In both figures, we observe that a Gaussian distribution better fits the data, though for the latter figure, there is significant deviation at age 32. This spike has a lot to do with the likes of Bradley Wiggins, Tom Boonen, Alejandro Valverde, and Simon Gerrans having banner years in 2012, taking 4 of the top 6 positions, not to mention Joaquim Rodriguez and Michele Scarponi’s great 2011 seasons putting them 3rd and 4th, respectively, in the WorldTour for that year.
However, a lot of the noise in the distribution may be a result of the way the World Tour ranking system is designed. The “worst” cyclists on this list (and there are quite a few), have only one point. Compare this to Philippe Gilbert in 2011 where he accumulated 718 points and enough wins to keep even the most ambitious amateur sandbagger content for their whole “career.” Does this make him 718 times better than those with only one point? I think not.
I turned to Pro Cycling Stats for a ranking system that put the performances of different professional cyclists in better context.5 They have their own points per age distribution that I encourage you to check out,6 but I feel that once we start getting past cyclist #300, the ranking starts to get a bit muddied as it’s so terribly hard to properly weight races and account for riders across country lines. Therefore, I stuck with a similar sample size as the World Tour – 250 riders. In Figures 5 and 6, I add the data from Pro Cycling Stats to Figures 3 and 4, normalizing both point values in the latter figure.
In Figure 5, we see that the Pro Cycling Stats and World Tour populations exhibit a nearly-identical trend.
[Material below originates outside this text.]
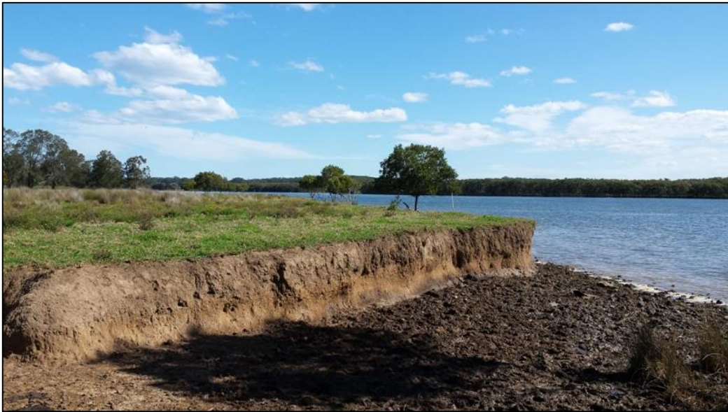
Above: Riverbank Erosion at Harrington

A contract for the construction of rock filllets along 540 metres of severely eroding riverbank on a property at Harrington has been awarded with work to begin in January 2016. 1km of stock exclusion fencing will be erected to further protect the riverbank from erosion plus the planting of native trees and shrubs once stock have been removed.
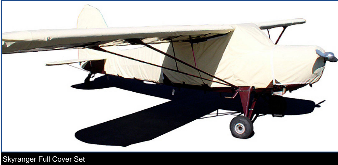
Skyranger Full Cover Set

However, in Figure 6, we observe that the Pro Cycling Stats model has significantly less noise, due in large part to the nature of their points-allocation style.
If we imagine a Gaussian curve over the data, we might conclude from the data that peak cycling performance is achieved between the ages of 26 and 28. That being said, I think it’s quite likely 2011-2013 were just bad years on the whole for riders aged 29-31, and that as the years progress and more data is presented, we might see performances of the middle-aged (relatively speaking) cyclists approach or even match those of their younger competitors.
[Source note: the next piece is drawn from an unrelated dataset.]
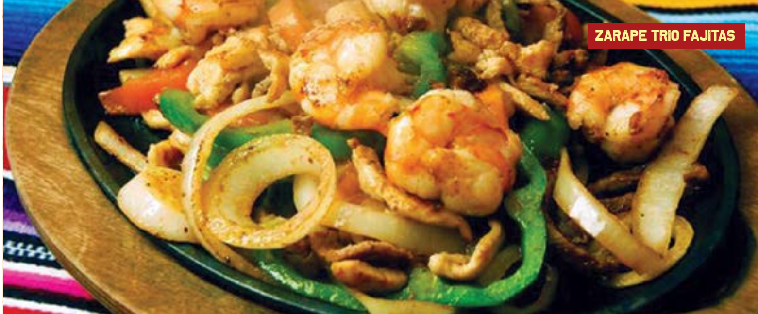
ZARAPE TRIO FAJITAS

Pro Cycling Stats has ranking data as far back as 2005, but as far as I’m concerned, every performance in those years should be subject to significant skepticism. It’s like comparing football quarterbacks from different eras – there’s just a completely altered climate that inserts so much murkiness (e.g. older riders might have been better at doping and getting away with it).
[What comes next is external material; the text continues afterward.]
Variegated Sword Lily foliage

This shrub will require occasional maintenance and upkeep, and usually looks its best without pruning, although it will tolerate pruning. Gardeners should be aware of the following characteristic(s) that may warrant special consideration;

As expected, there is a clear correlation between cyclist age and their performance as measured by results-based ranking systems. From the last three years, the data indicates that the average rider will reach their peak around age 27, though it will be interesting to see how the distribution fills out as the seasons progress.
As I was compiling the age information for many of the cyclists, I noticed that the birthdays tended to be earlier on in the year. If so, perhaps this is a byproduct of the ‘racing age’ organization that cycling has adopted. If you’ve read Outliers by Malcolm Gladwell, you will be familiar with this phenomenon. Athletes born earlier in the year are more developed than their slightly younger counterparts, and therefore get more attention and support from coaches, amplifying this difference all the way to the professional level. Perhaps a subject for another analysis.
Thanks for reading.
1 I know, I know, cycling hardly qualifies as ‘major’ in the States, but from an international perspective, I have no qualms calling it ‘major.’
2 If I never heard or saw the term ‘VAM’ again in my life, I think I would die a very happy man.
3 And women. This analysis focuses on the male professional peloton as there are more (and better recorded) data.
4 ‘Age,’ used throughout this post, means racing age, the oldest age one will be in the current year.
5 You can find all the rankings here.
6 You can find Pro Cycling Stat’s age distribution here.